Tuesday, September 29, 2009

Rolled Chicken Breasts

Because you really can't call them stuffed. They're not.

4 straight meals later, Doug and I have consumed all 3 lbs of turkey chili. That is embarrassing. BUT it allowed to me discover this delicious "stuffed" chicken.

Recipe here (with my modifications below):

Chicken Stuffed with Artichokes, Lemon and Goat Cheese -- Heather Averett, Cooking Light; The Essential Dinner Tonight Cookbook - Oxmoor House - 2009
4 boneless skinless chicken breasts, pounded to 1/4 of an inch thick

2.5 tablespoons breadcrumbs

2 teaspoons lemon zest

1/4 teaspoon salt

1/4 teaspoon ground black pepper

1 (6 ounce) jar marinated & drained artichoke hearts, chopped

1 (3 ounce) package goat cheese
Cooking spray


Mix all ingredients but chicken and cooking spray.
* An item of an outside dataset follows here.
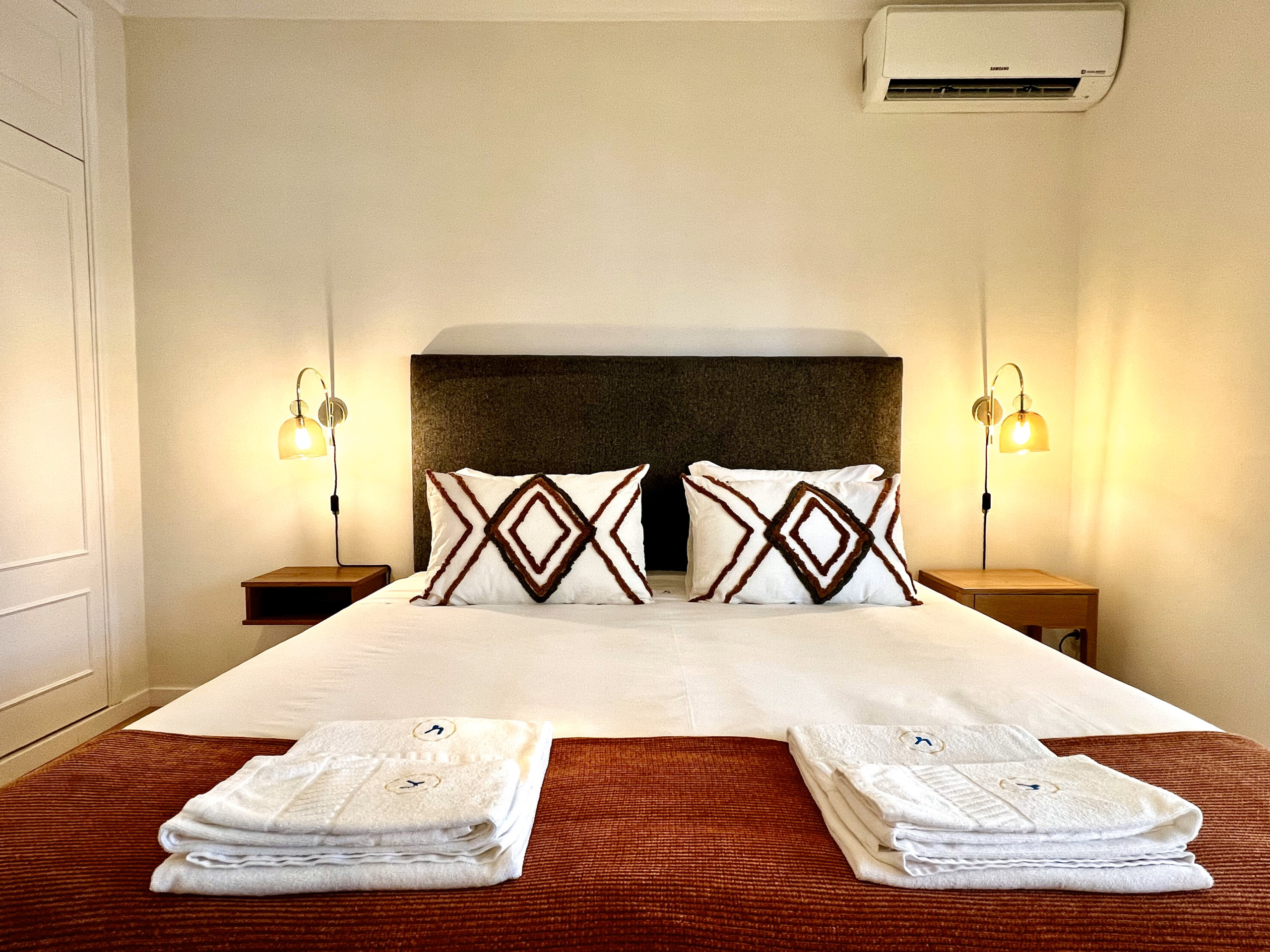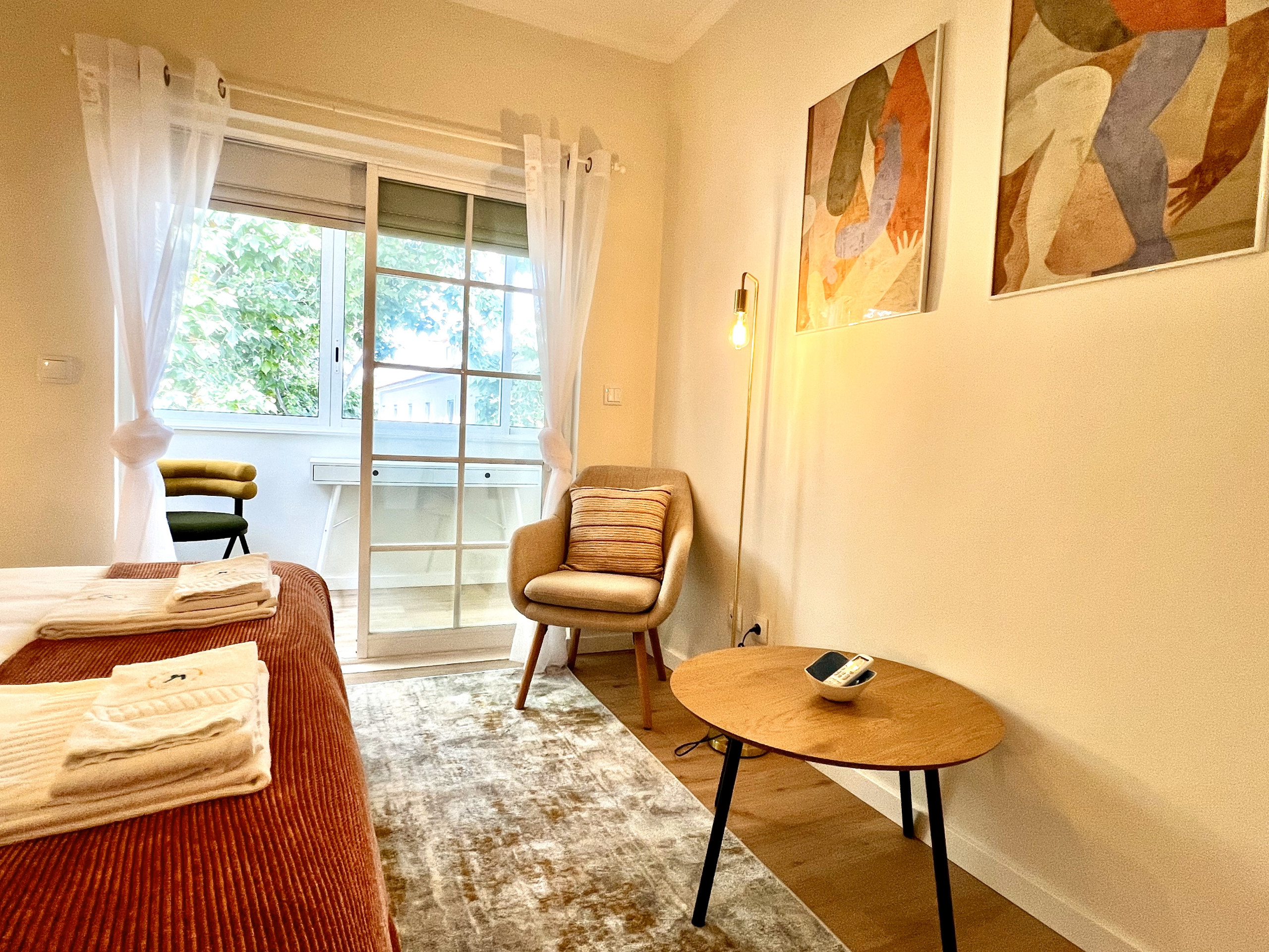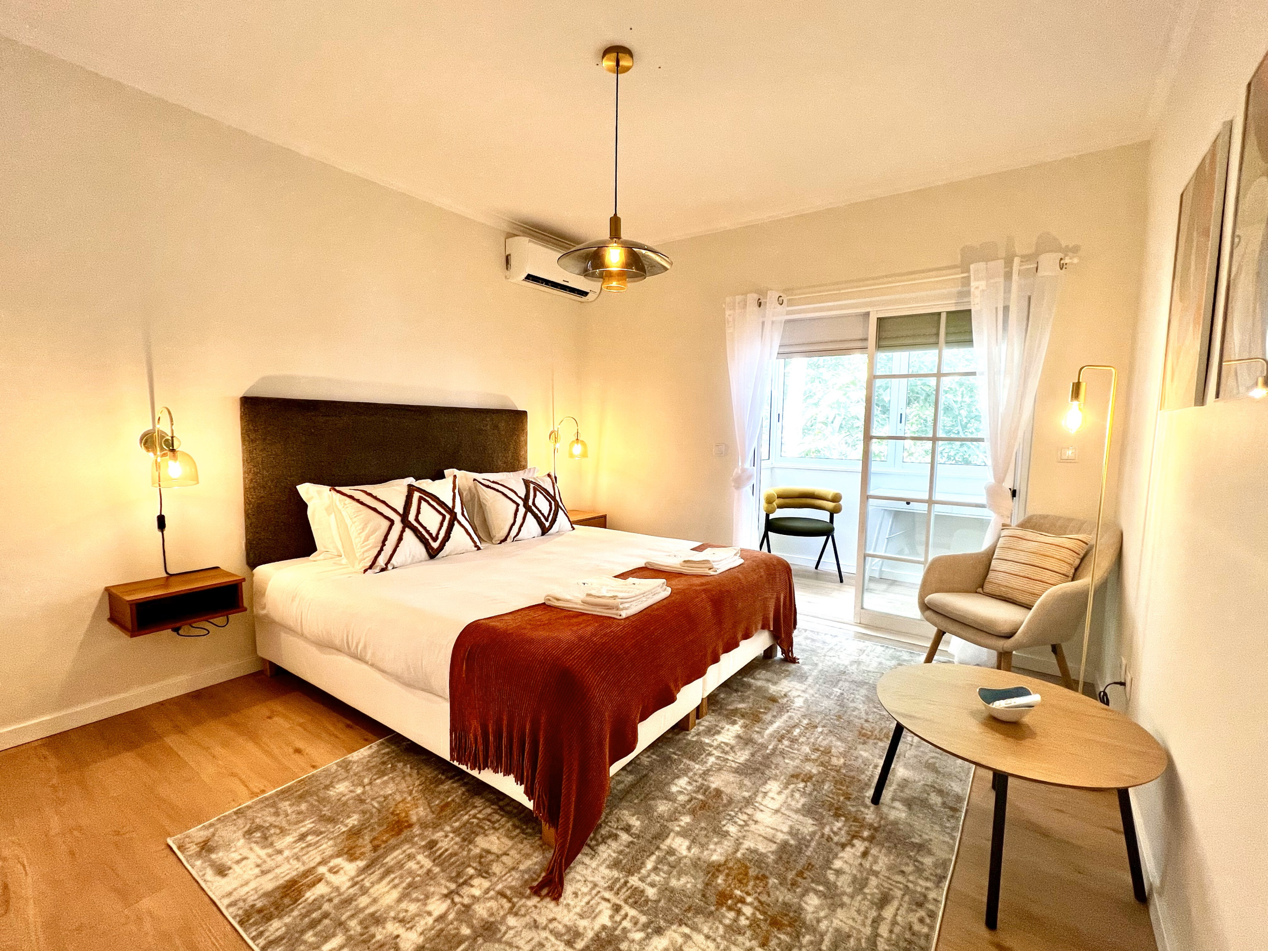 No quarto existe uma cama casal, um amplo roupeiro, uma poltrona e uma pequena mesa. Junto ao quarto, encontra-se uma secretária e uma cadeira, muito útil caso a sua estadia seja por motivos de trabalho.

Spread over pounded chicken, roll chicken and secure with toothpicks. Heat large nonstick skillet, coat with cooking spray. Add chicken to pan, cooking 3 minutes on each side. Put entire skillet in the over at 375 degrees for 15 minutes, or until chicken is done.

I replaced the breadcrumbs with almond meal. Breadcrumbs were pretty much for texture here anyway so might as well replace with something healthy. Almond meal is obviously ground almonds, but the cool thing is that the oil has been pressed out - so most of the calories are gone but the nutrition content of the almond is left behind. Here are all my ingredients (stuffing already mixed):


You can see the almond meal bag in the back - and if you're wondering where you can get some of this awesome stuff...Trader Joes! Of course! I didn't have toothpicks, so I used some twine type stuff. I also decided that the chickens needed some breading, so I busted out my pastry brush and brushed them with diluted egg and rolled them in almond meal. I also used 1 tablespoon of olive oil instead of the cooking spray. Olive oil isn't really bad for you - it belongs in the same category as avocados or most nuts. A healthy fat with high nutrition content - but super high in calories and therefore should be consumed in moderation. 1 tablespoon was plenty to cover my pan.


Aren't they cute? More importantly (which you can't tell from the picture), they were delicious. I served with rice pilaf and some salad. Great weeknight dinner! I can't quite call my rolled chicken core diet friendly, because of the dairy. Boohoo. BUT they are gluten free with the almond meal substitution, so store this one away for your gluten free friends!